(Instructions for the task) Leaving out every picture, output the records below exactly as they are.
=== Information given ===
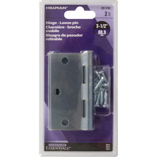 Hillman Hardware Essentials General Purpose Zinc Hinge With Fixed Pin, 3-1/2 In, 2-Pk
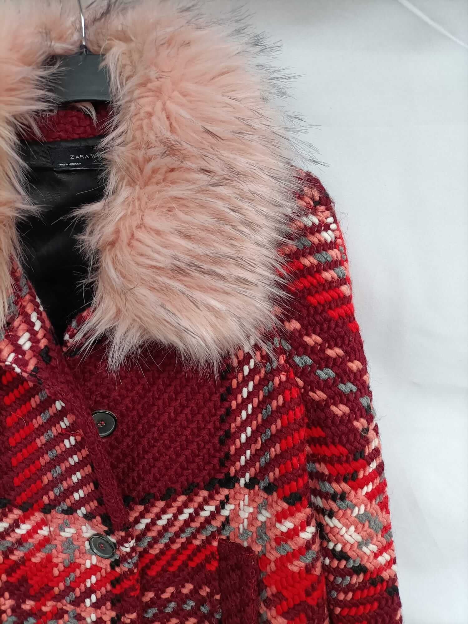 Zara. 11. Checked coat in all reds and burgundy with a detachable fur collar. Buttoned. No stretch. Armpit to armpit 53 cm, length 87 cm.
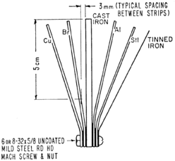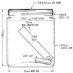 No crystalline deposit shall form and adhere to either the glass jar walls or the surface of the metal strips;
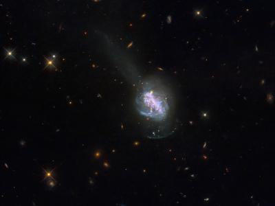 哈勃太空望远镜拍摄的螺旋星系UGC 11105由可见光和紫外光组成。图片:uux.cn/欧空局...
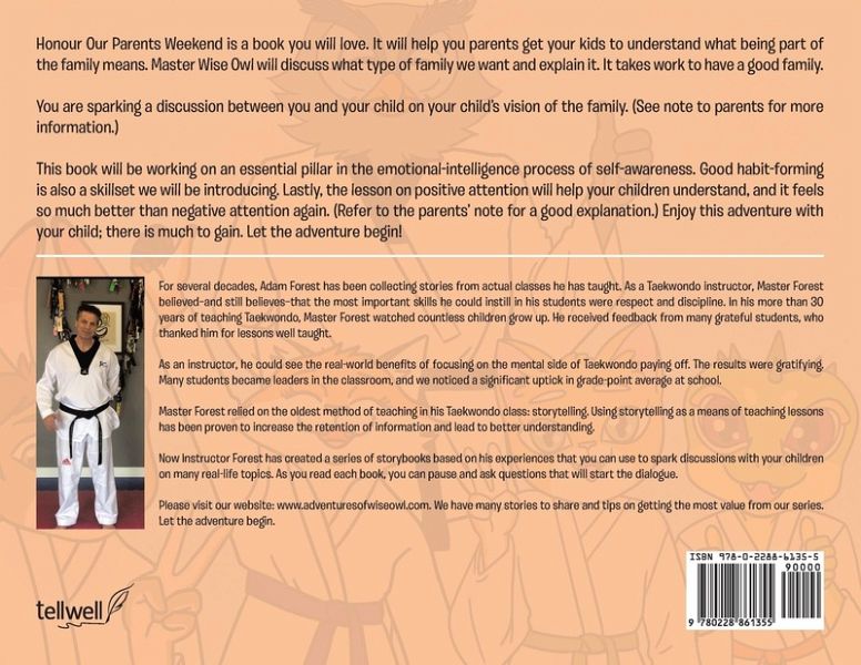 Honour Our Parents Weekend is a book you will love. It will help you parents get your kids to understand what being part of the family means. Master Wise Owl will discuss what type of family we want and explain it. It takes work to have a good family. You are sparking a discussion between you and your child on your child's vision of the family. (See note to parents for more information.) This book will be working on an essential pillar in the emotional-intelligence process of self-awareness. Good habit-forming is also a skillset we will be introducing. Lastly, the lesson on positive attention will help your children understand, and it feels so much better than negative attention again. (Refer to the parents' note for a good explanation.) Enjoy this adventure with your child; there is much to gain. Let the adventure begin!
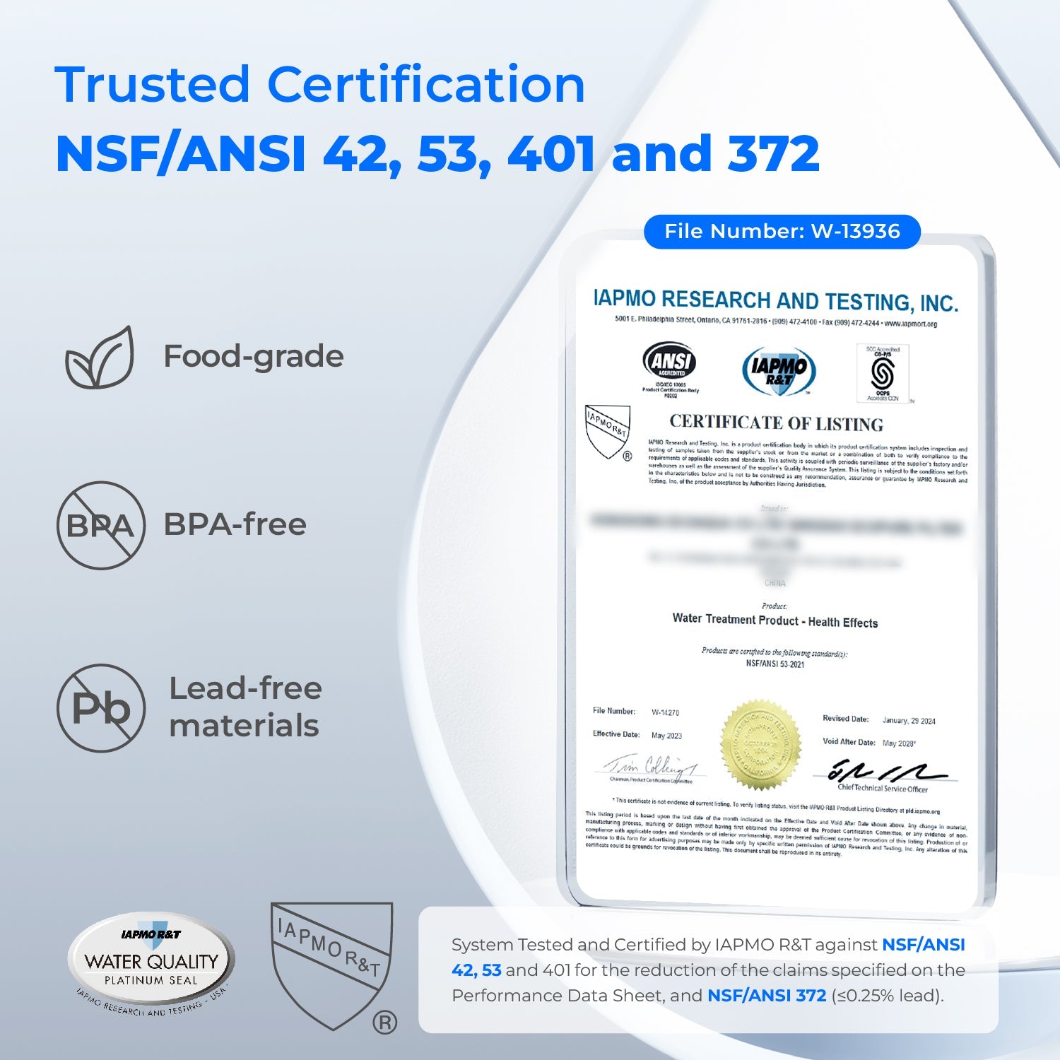 "System Tested and Certified by IAPMO R&T against NSF/ANSI 42,53 and 401 for the reduction of the claims specified on the Performance Data Sheet, and NSF/ANSI 372 (≤0.25% lead)."
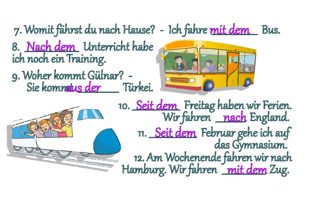 7. Womit fährst du nach Hause? - Ich fahre ____________________ Bus. mit dem 8. ________________________ Unterricht habe ich noch ein Training. Nach dem 9. Woher kommt Gülnar ? - Sie kommt __________________ Türkei. aus der 10. _____________________ Freitag haben wir Ferien. Wir fahren _____________ England. Seit dem nach 11. _____________________ Februar gehe ich auf das Gymnasium. Seit dem 12. Am Wochenende fahren wir nach Hamburg. Wir fahren ___________________ Zug. mit dem
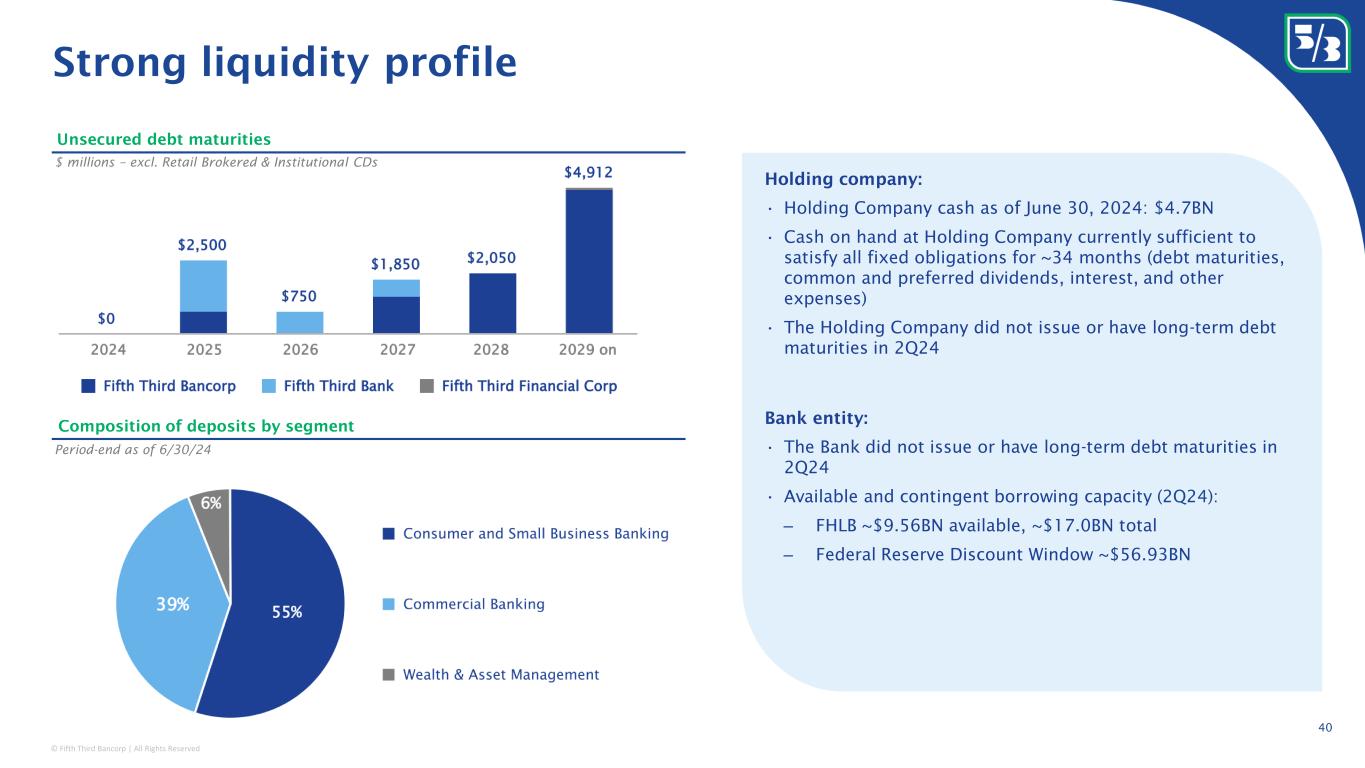 © Fifth Third Bancorp | All Rights Reserved 40 Unsecured debt maturities Composition of deposits by segment Holding company: • Holding Company cash as of June 30, 2024: $4.7BN • Cash on hand at Holding Company currently sufficient to satisfy all fixed obligations for ~34 months (debt maturities, common and preferred dividends, interest, and other expenses) • The Holding Company did not issue or have long-term debt maturities in 2Q24 Bank entity: • The Bank did not issue or have long-term debt maturities in 2Q24 • Available and contingent borrowing capacity (2Q24): ‒ FHLB ~$9.56BN available, ~$17.0BN total ‒ Federal Reserve Discount Window ~$56.93BN Period-end as of 6/30/24 Strong liquidity profile $ millions – excl. Retail Brokered & Institutional CDs
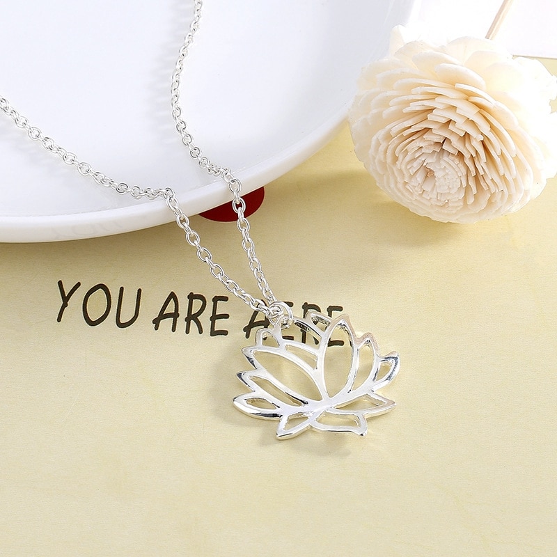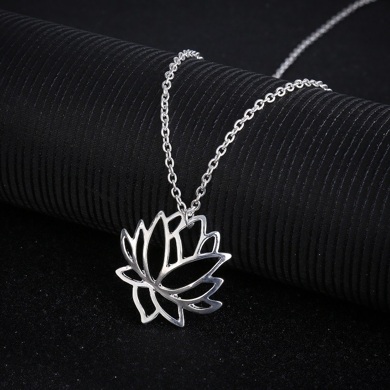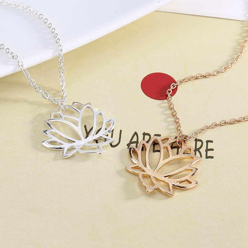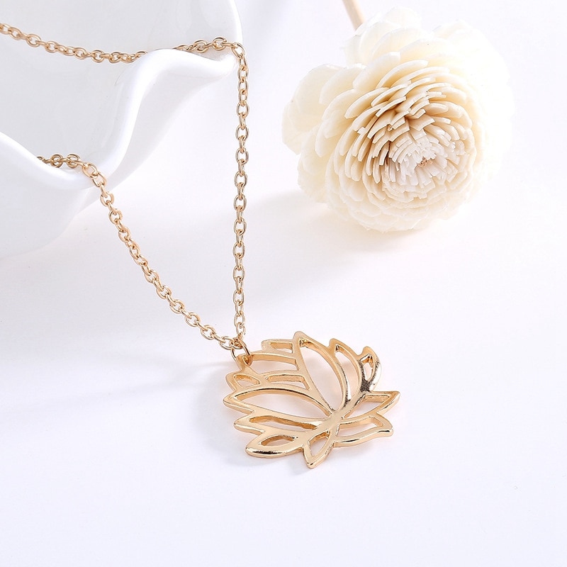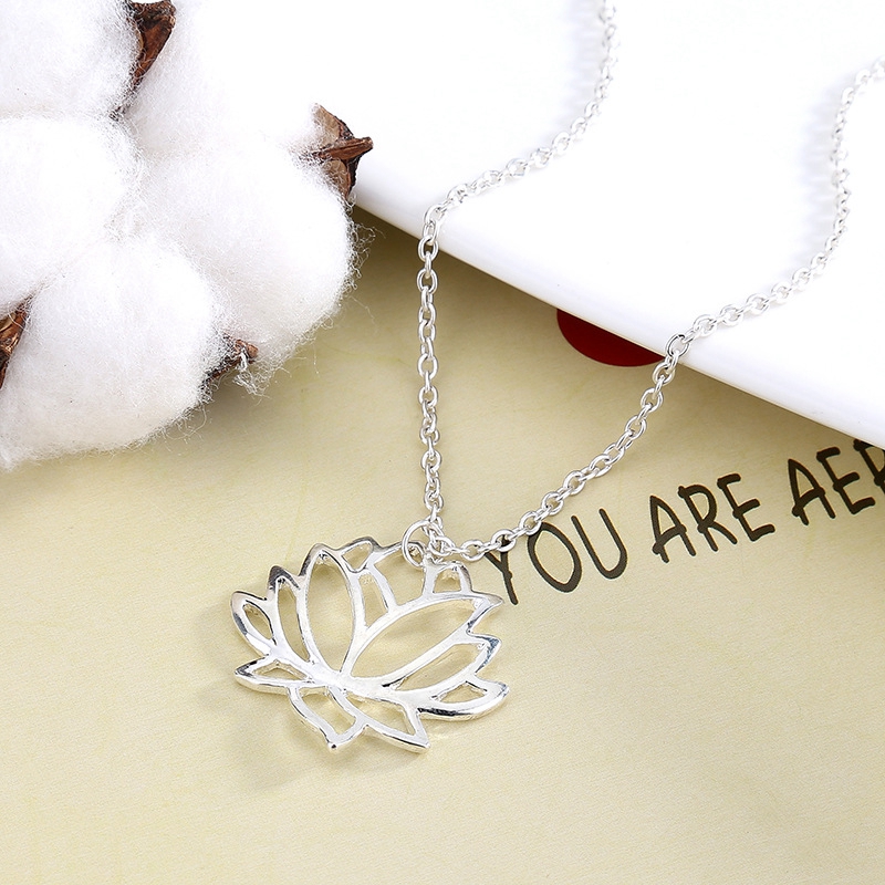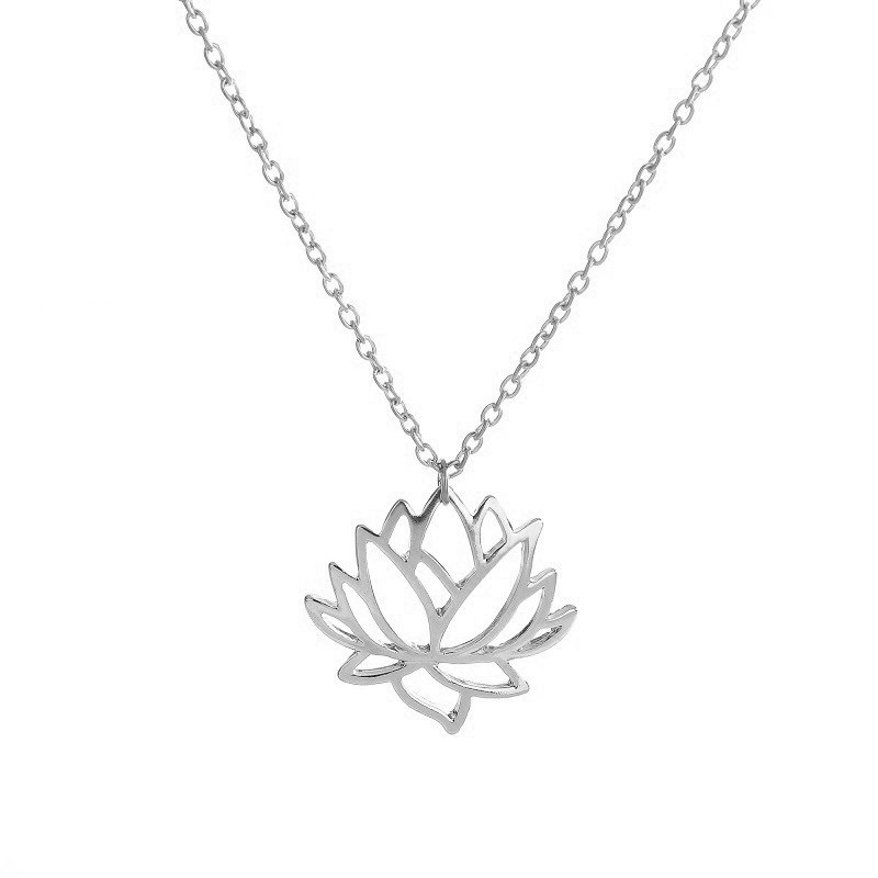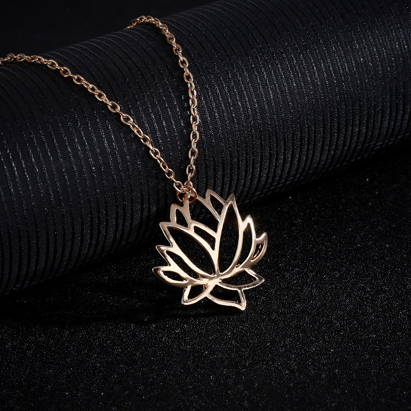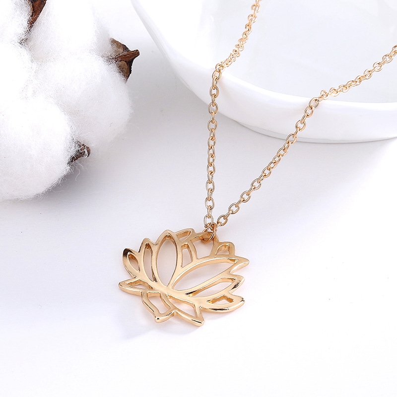 Fashion simple hollow lotus necklace clavicle chain alloy plating three-color lotus jewelry
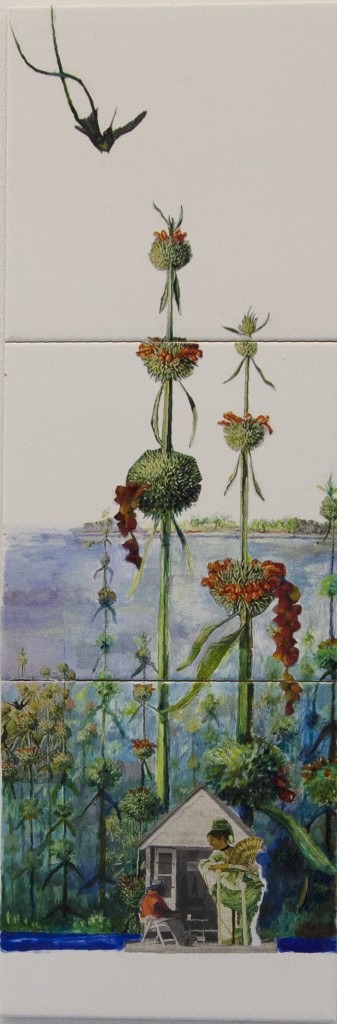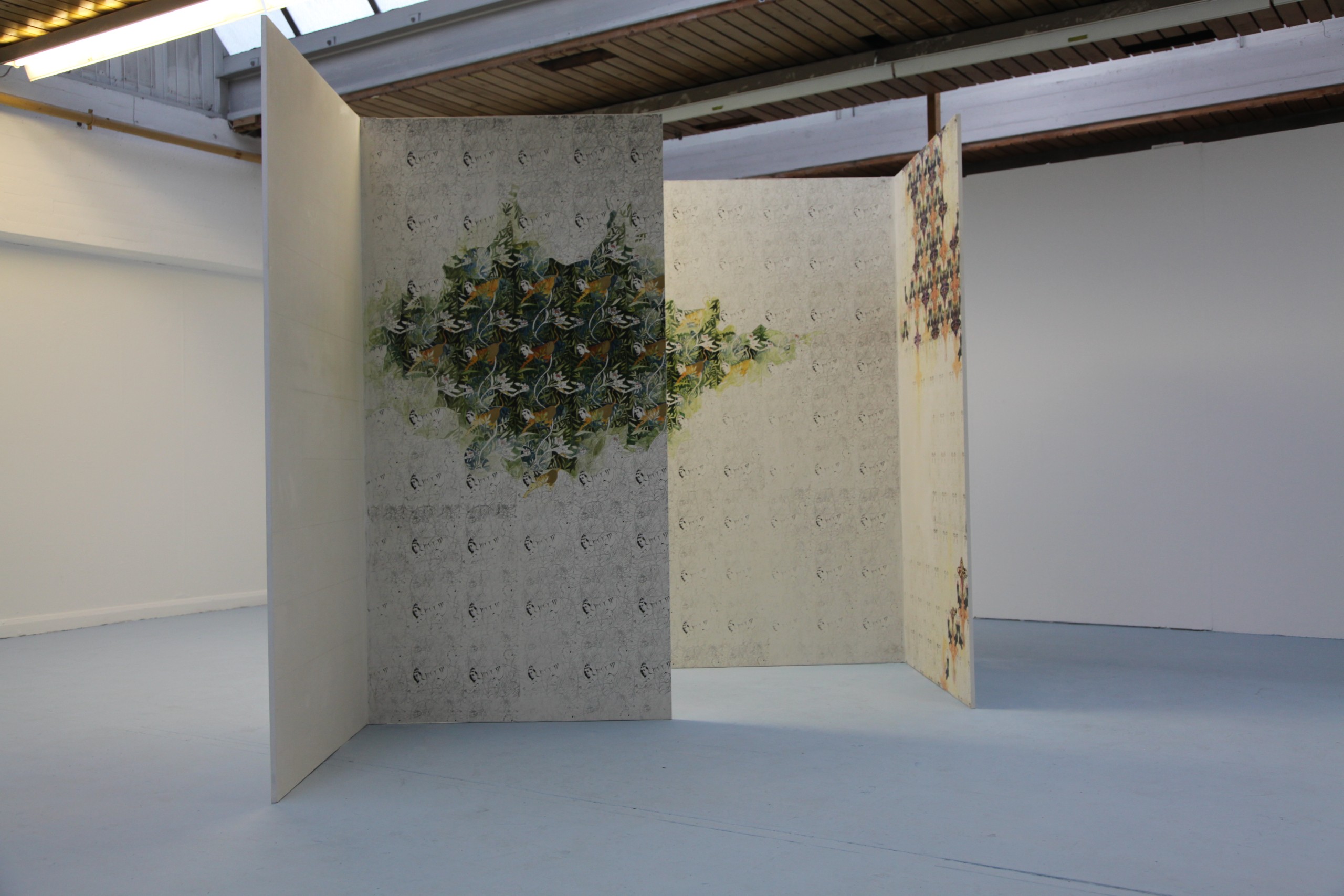 The next part of my adventure took me to Newcastle upon Tyne for the Master of Fine Art. Even during this chapter I traveled and was thrilled to have completed a visit to Venice for the 54th Biennale. Post-graduate studies challenged me to use visual arts to express complicated subject matter like national identity and cultural studies. I finished in 2011 with a compilation of collages and a screen printed installation entitled “Contrapuntal”, an 8 sided screen-printed and hand-painted gouache on boards coated with true gesso.
===
(Written answer)
 Hillman Hardware Essentials General Purpose Zinc Hinge With Fixed Pin, 3-1/2 In, 2-Pk
 Zara. 11. Checked coat in all reds and burgundy with a detachable fur collar. Buttoned. No stretch. Armpit to armpit 53 cm, length 87 cm.
 No crystalline deposit shall form and adhere to either the glass jar walls or the surface of the metal strips;
 哈勃太空望远镜拍摄的螺旋星系UGC 11105由可见光和紫外光组成。图片:uux.cn/欧空局...
 Honour Our Parents Weekend is a book you will love. It will help you parents get your kids to understand what being part of the family means. Master Wise Owl will discuss what type of family we want and explain it. It takes work to have a good family. You are sparking a discussion between you and your child on your child's vision of the family. (See note to parents for more information.) This book will be working on an essential pillar in the emotional-intelligence process of self-awareness. Good habit-forming is also a skillset we will be introducing. Lastly, the lesson on positive attention will help your children understand, and it feels so much better than negative attention again. (Refer to the parents' note for a good explanation.) Enjoy this adventure with your child; there is much to gain. Let the adventure begin!
 "System Tested and Certified by IAPMO R&T against NSF/ANSI 42,53 and 401 for the reduction of the claims specified on the Performance Data Sheet, and NSF/ANSI 372 (≤0.25% lead)."
 7. Womit fährst du nach Hause? - Ich fahre ____________________ Bus. mit dem 8. ________________________ Unterricht habe ich noch ein Training. Nach dem 9. Woher kommt Gülnar ? - Sie kommt __________________ Türkei. aus der 10. _____________________ Freitag haben wir Ferien. Wir fahren _____________ England. Seit dem nach 11. _____________________ Februar gehe ich auf das Gymnasium. Seit dem 12. Am Wochenende fahren wir nach Hamburg. Wir fahren ___________________ Zug. mit dem
 © Fifth Third Bancorp | All Rights Reserved 40 Unsecured debt maturities Composition of deposits by segment Holding company: • Holding Company cash as of June 30, 2024: $4.7BN • Cash on hand at Holding Company currently sufficient to satisfy all fixed obligations for ~34 months (debt maturities, common and preferred dividends, interest, and other expenses) • The Holding Company did not issue or have long-term debt maturities in 2Q24 Bank entity: • The Bank did not issue or have long-term debt maturities in 2Q24 • Available and contingent borrowing capacity (2Q24): ‒ FHLB ~$9.56BN available, ~$17.0BN total ‒ Federal Reserve Discount Window ~$56.93BN Period-end as of 6/30/24 Strong liquidity profile $ millions – excl. Retail Brokered & Institutional CDs
 Fashion simple hollow lotus necklace clavicle chain alloy plating three-color lotus jewelry
 The next part of my adventure took me to Newcastle upon Tyne for the Master of Fine Art. Even during this chapter I traveled and was thrilled to have completed a visit to Venice for the 54th Biennale. Post-graduate studies challenged me to use visual arts to express complicated subject matter like national identity and cultural studies. I finished in 2011 with a compilation of collages and a screen printed installation entitled “Contrapuntal”, an 8 sided screen-printed and hand-painted gouache on boards coated with true gesso.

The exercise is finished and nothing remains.